- Work request -
Leaving the pictures aside, transcribe only and exactly the lines from the one with "Vienen en paquetes" through the end of the entries, both included.

[Data for this exercise]

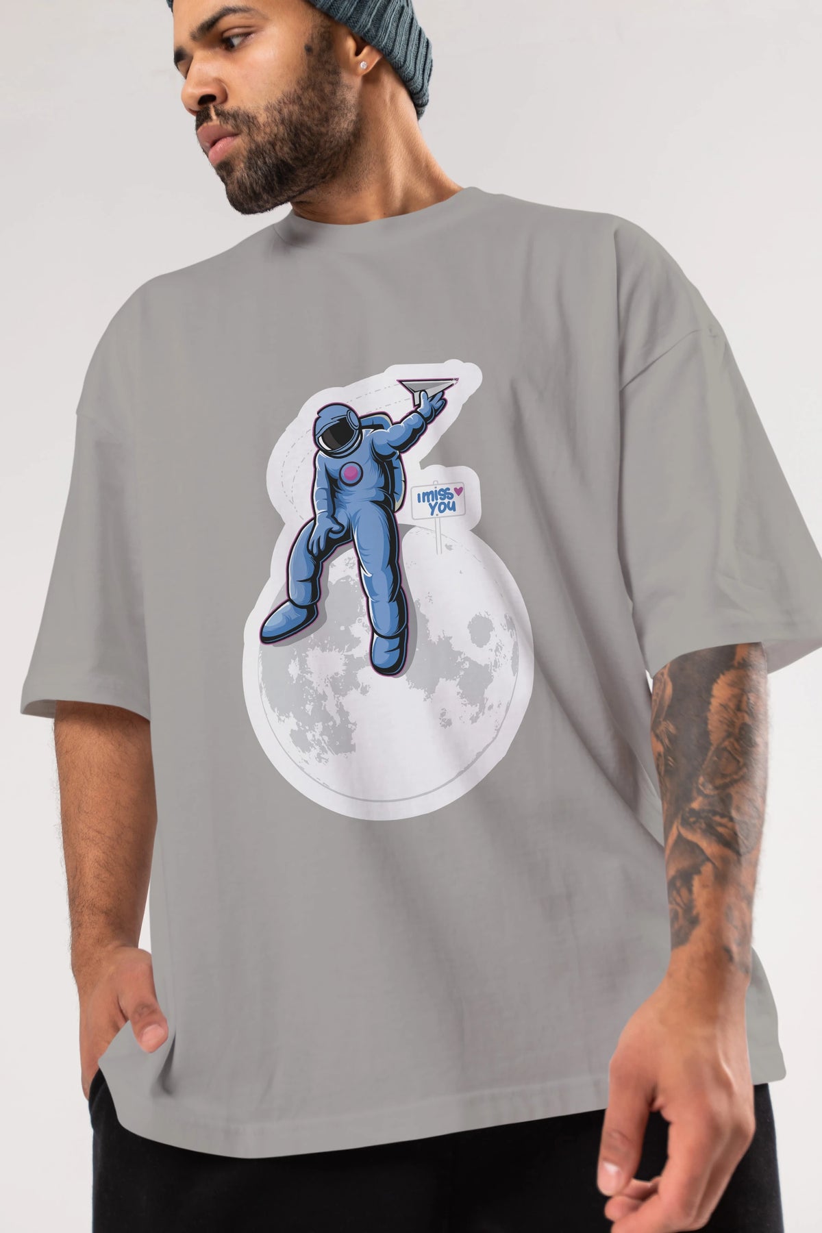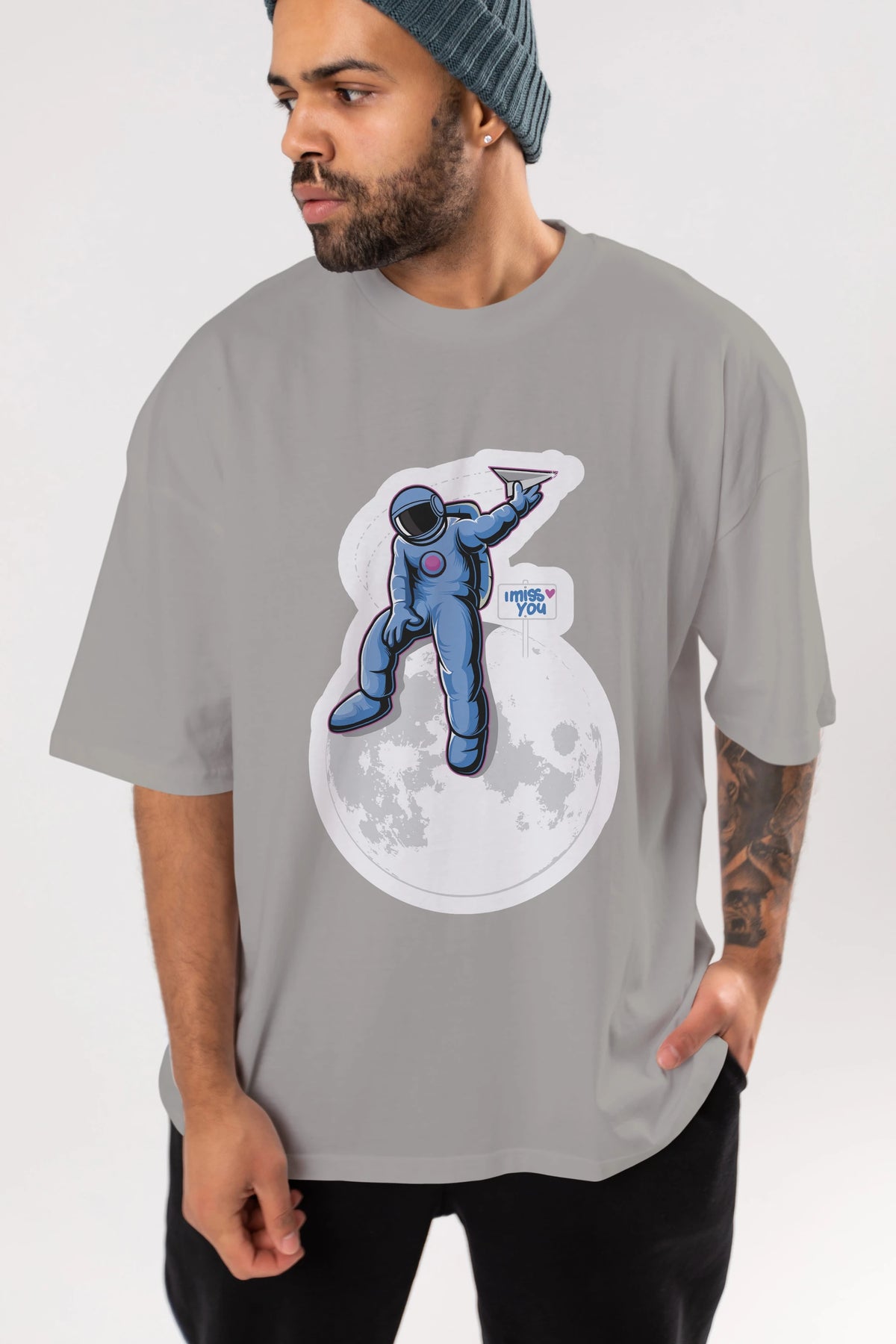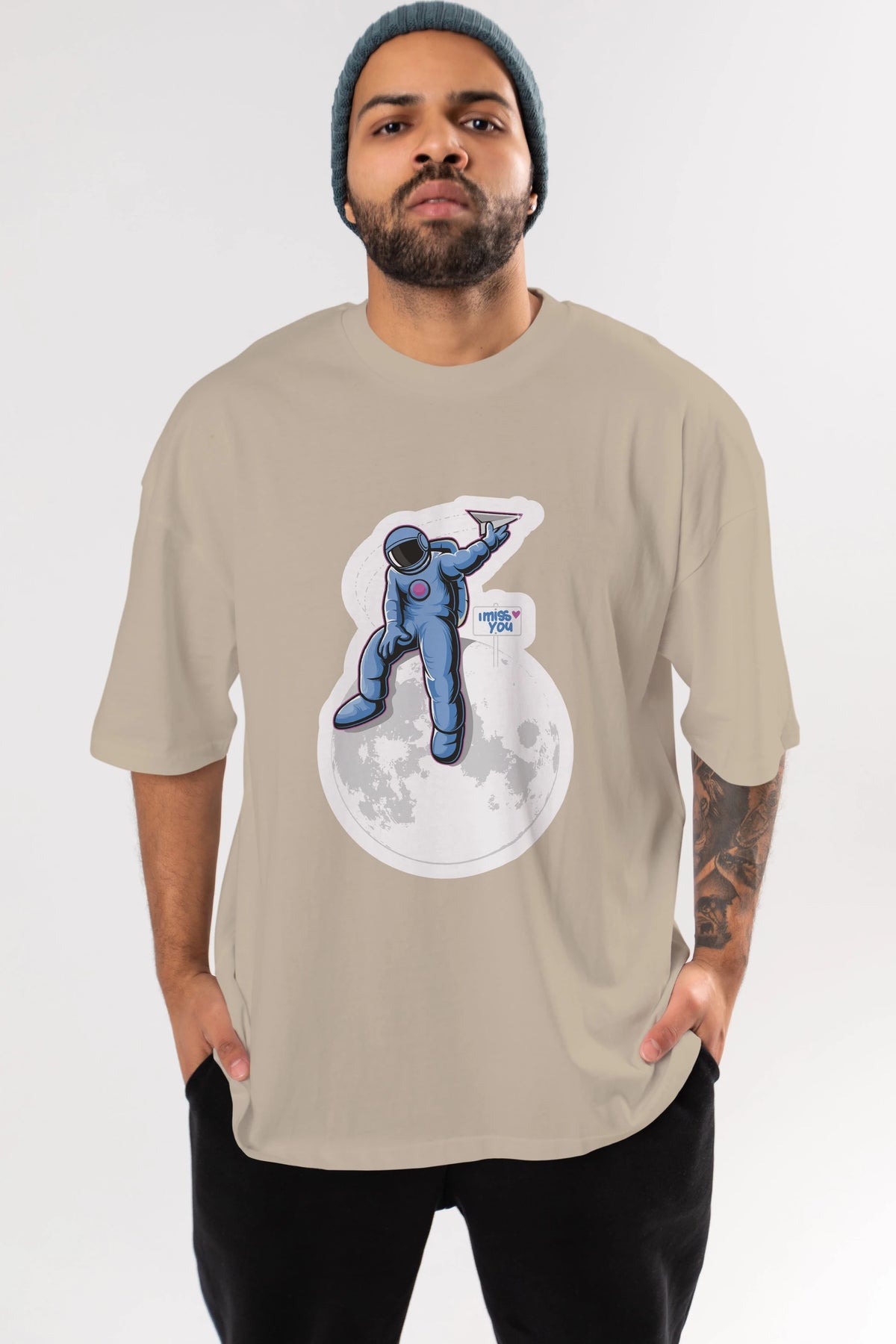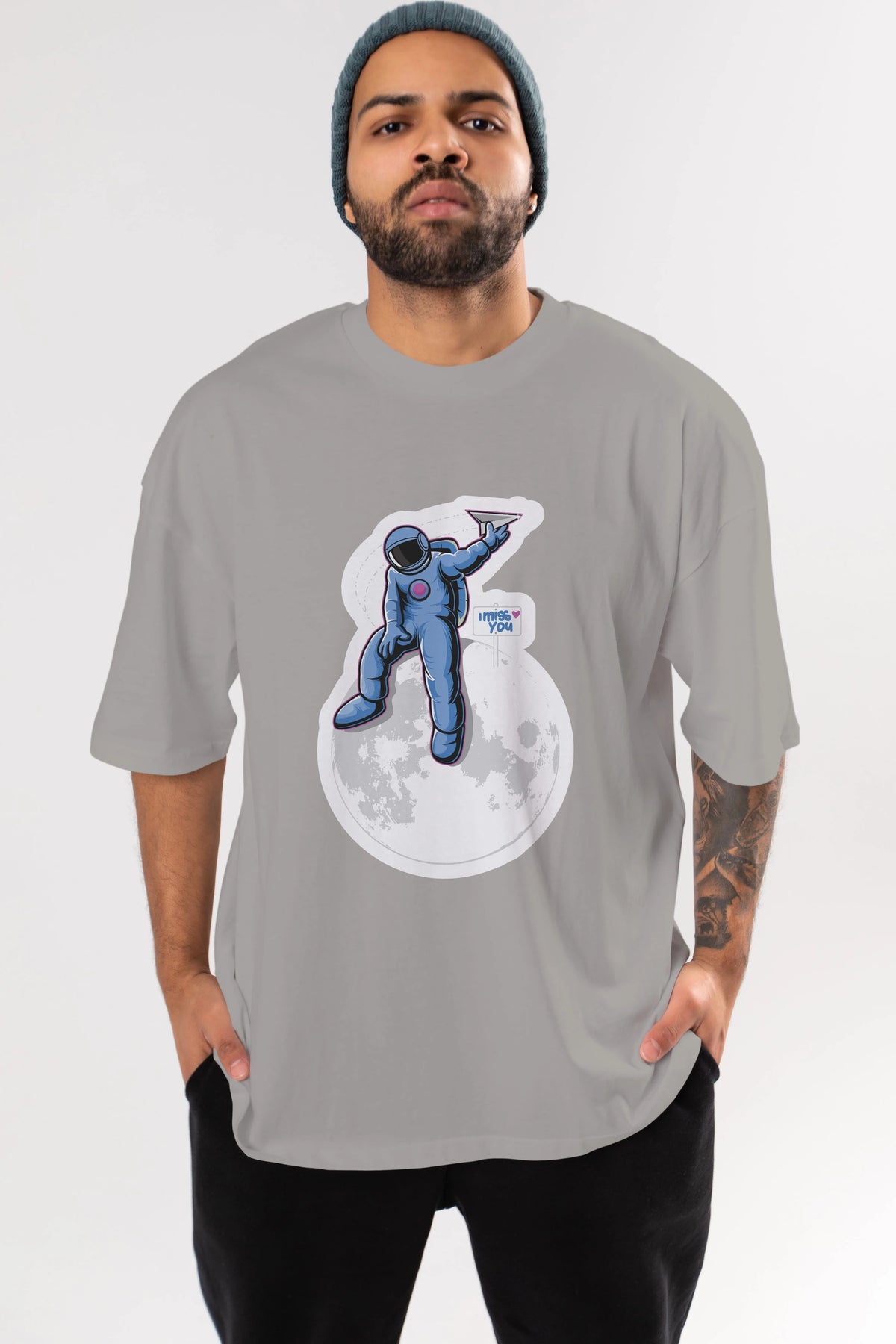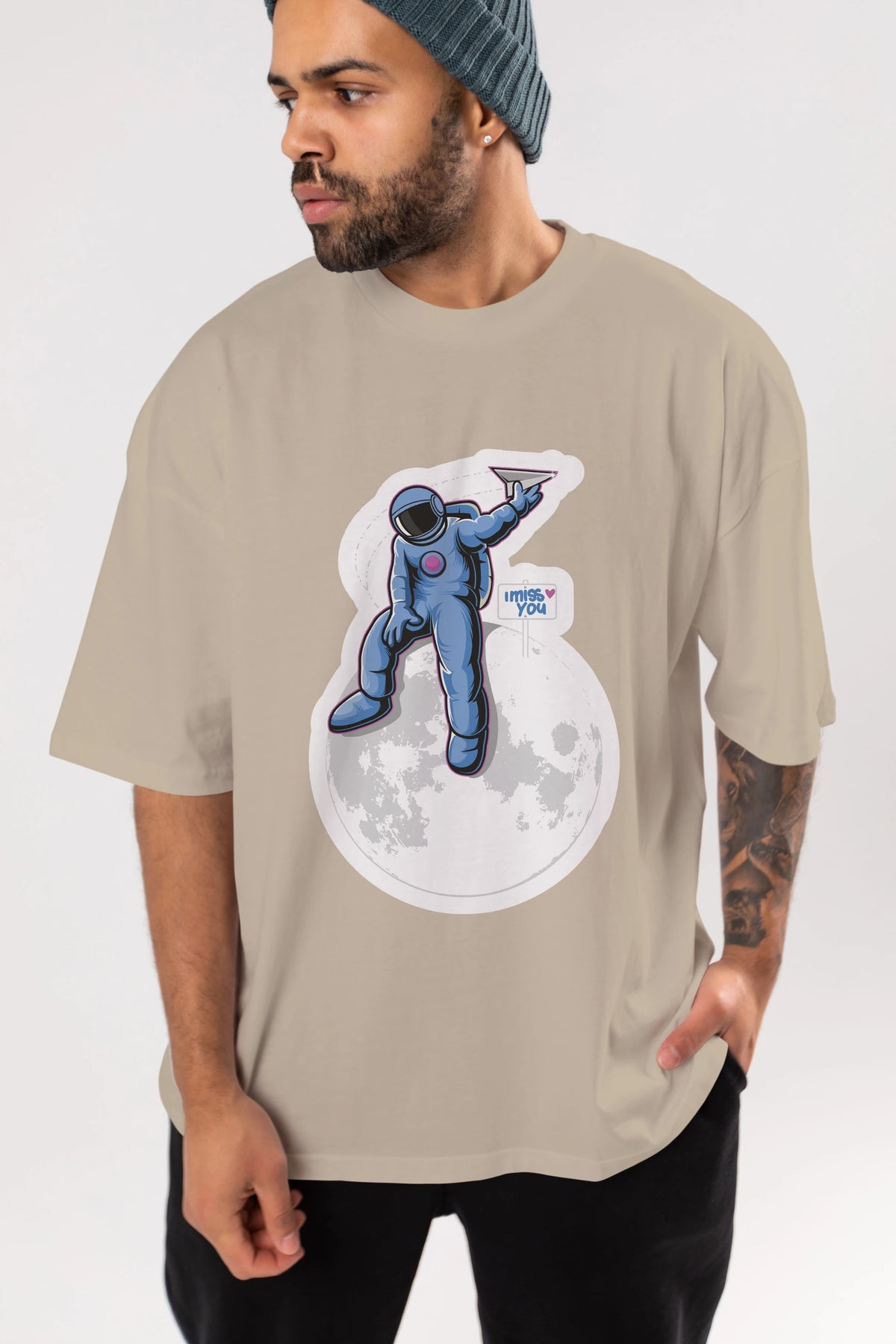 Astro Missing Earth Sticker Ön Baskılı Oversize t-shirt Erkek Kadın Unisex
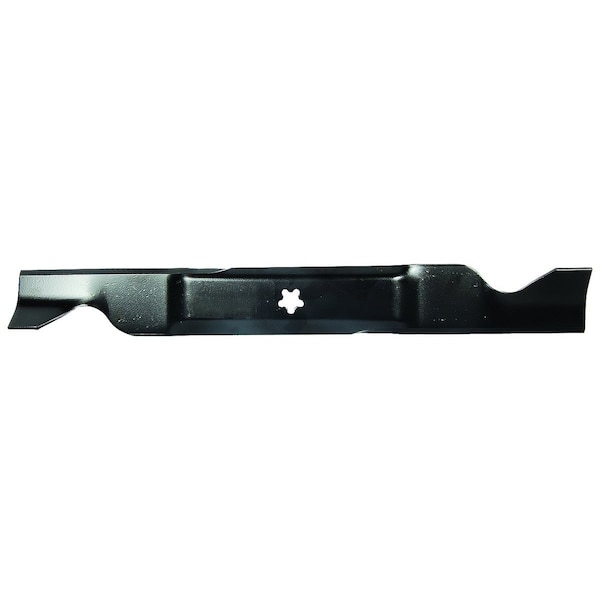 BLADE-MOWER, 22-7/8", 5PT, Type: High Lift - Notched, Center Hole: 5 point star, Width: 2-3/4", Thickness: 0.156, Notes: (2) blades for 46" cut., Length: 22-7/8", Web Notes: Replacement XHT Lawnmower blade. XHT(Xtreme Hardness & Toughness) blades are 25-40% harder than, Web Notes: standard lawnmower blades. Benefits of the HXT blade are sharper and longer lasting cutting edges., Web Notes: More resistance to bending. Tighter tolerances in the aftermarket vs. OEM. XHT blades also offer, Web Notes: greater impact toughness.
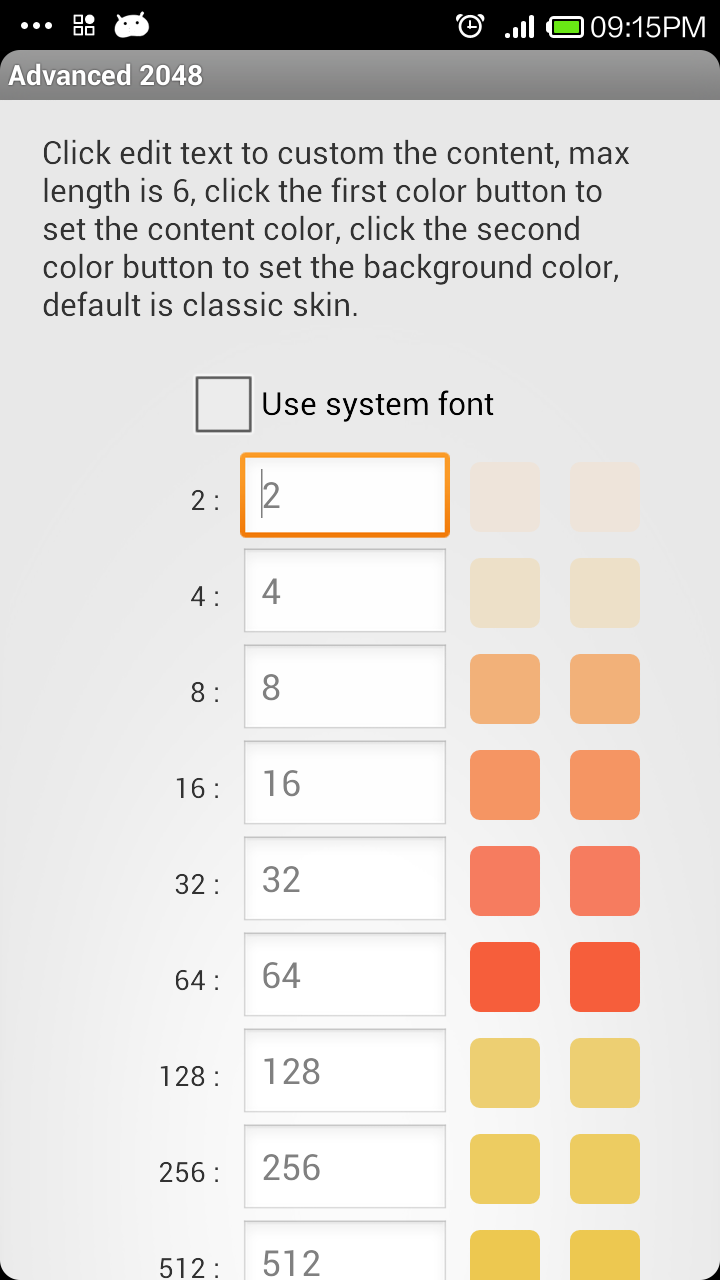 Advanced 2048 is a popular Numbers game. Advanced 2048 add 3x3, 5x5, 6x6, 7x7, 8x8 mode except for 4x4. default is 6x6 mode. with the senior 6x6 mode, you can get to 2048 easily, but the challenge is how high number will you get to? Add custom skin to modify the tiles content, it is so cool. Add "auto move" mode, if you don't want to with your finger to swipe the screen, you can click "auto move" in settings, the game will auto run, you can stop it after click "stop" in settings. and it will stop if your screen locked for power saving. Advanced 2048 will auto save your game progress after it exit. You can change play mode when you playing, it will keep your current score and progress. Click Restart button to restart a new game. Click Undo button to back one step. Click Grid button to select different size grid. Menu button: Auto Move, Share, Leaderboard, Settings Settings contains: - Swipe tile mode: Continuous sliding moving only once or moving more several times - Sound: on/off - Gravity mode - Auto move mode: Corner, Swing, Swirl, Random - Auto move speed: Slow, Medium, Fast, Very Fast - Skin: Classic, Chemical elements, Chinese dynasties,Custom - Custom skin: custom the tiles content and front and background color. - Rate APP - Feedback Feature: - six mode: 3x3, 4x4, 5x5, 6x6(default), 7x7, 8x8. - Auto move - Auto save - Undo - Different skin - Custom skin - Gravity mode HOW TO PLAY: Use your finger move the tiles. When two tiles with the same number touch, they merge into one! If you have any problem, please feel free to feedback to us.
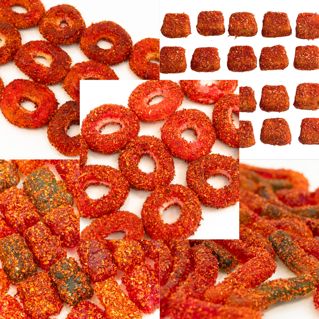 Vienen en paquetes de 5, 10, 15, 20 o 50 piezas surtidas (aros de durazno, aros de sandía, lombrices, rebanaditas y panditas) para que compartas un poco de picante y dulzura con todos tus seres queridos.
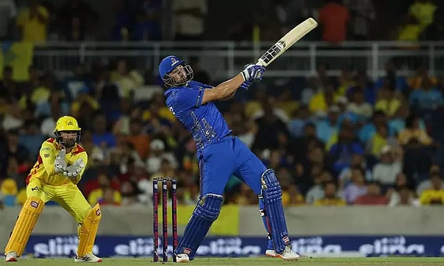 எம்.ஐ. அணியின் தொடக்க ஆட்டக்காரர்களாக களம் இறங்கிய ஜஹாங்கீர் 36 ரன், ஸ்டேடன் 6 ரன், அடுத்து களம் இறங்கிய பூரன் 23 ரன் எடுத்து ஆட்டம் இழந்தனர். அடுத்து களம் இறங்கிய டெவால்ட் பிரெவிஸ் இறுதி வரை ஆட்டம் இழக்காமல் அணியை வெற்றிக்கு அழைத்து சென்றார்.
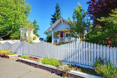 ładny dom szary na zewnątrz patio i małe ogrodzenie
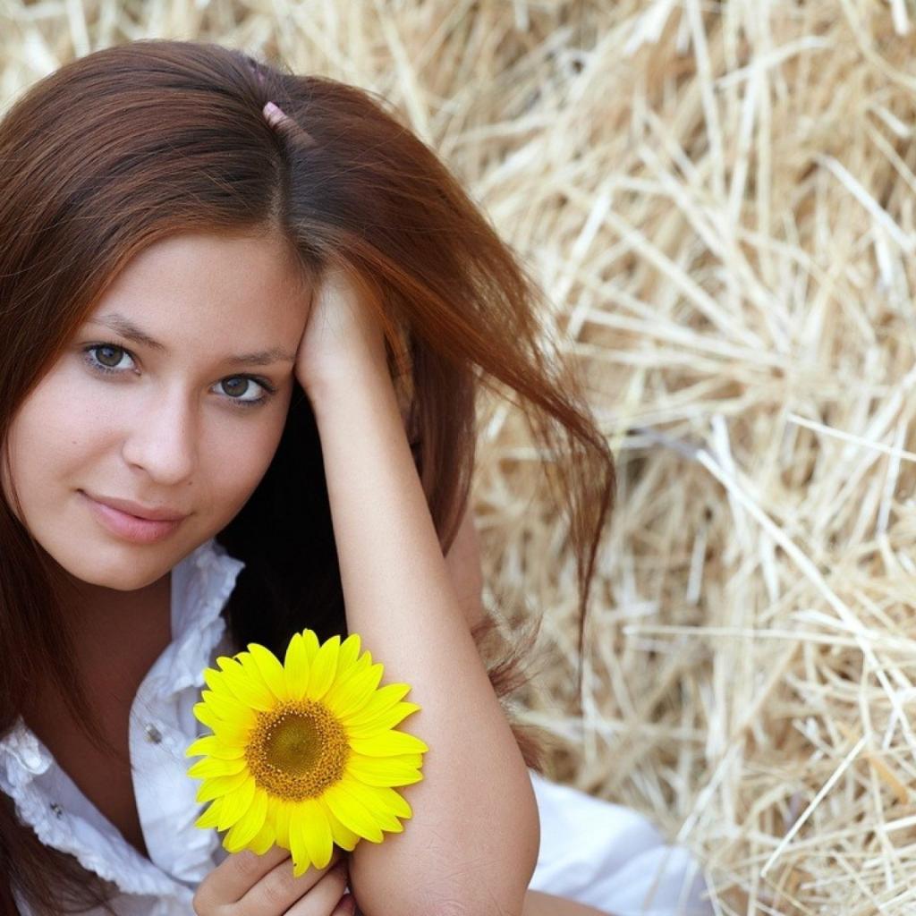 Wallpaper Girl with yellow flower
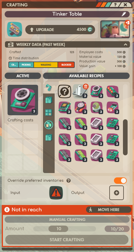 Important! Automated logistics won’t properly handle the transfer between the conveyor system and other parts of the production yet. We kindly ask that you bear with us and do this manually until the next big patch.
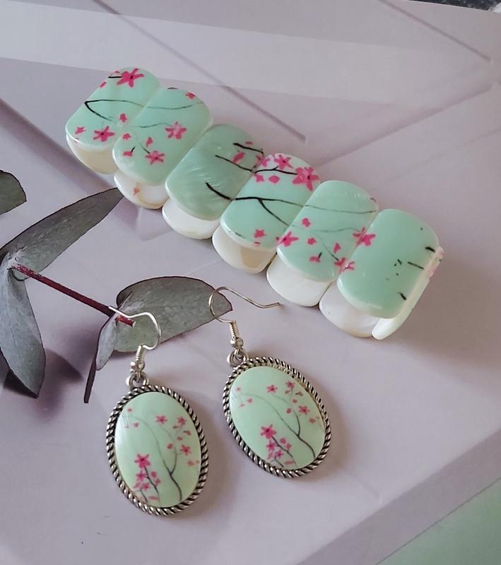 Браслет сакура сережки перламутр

[/Data for this exercise]

- Solution to the exercise -
 Vienen en paquetes de 5, 10, 15, 20 o 50 piezas surtidas (aros de durazno, aros de sandía, lombrices, rebanaditas y panditas) para que compartas un poco de picante y dulzura con todos tus seres queridos.
 எம்.ஐ. அணியின் தொடக்க ஆட்டக்காரர்களாக களம் இறங்கிய ஜஹாங்கீர் 36 ரன், ஸ்டேடன் 6 ரன், அடுத்து களம் இறங்கிய பூரன் 23 ரன் எடுத்து ஆட்டம் இழந்தனர். அடுத்து களம் இறங்கிய டெவால்ட் பிரெவிஸ் இறுதி வரை ஆட்டம் இழக்காமல் அணியை வெற்றிக்கு அழைத்து சென்றார்.
 ładny dom szary na zewnątrz patio i małe ogrodzenie
 Wallpaper Girl with yellow flower
 Important! Automated logistics won’t properly handle the transfer between the conveyor system and other parts of the production yet. We kindly ask that you bear with us and do this manually until the next big patch.
 Браслет сакура сережки перламутр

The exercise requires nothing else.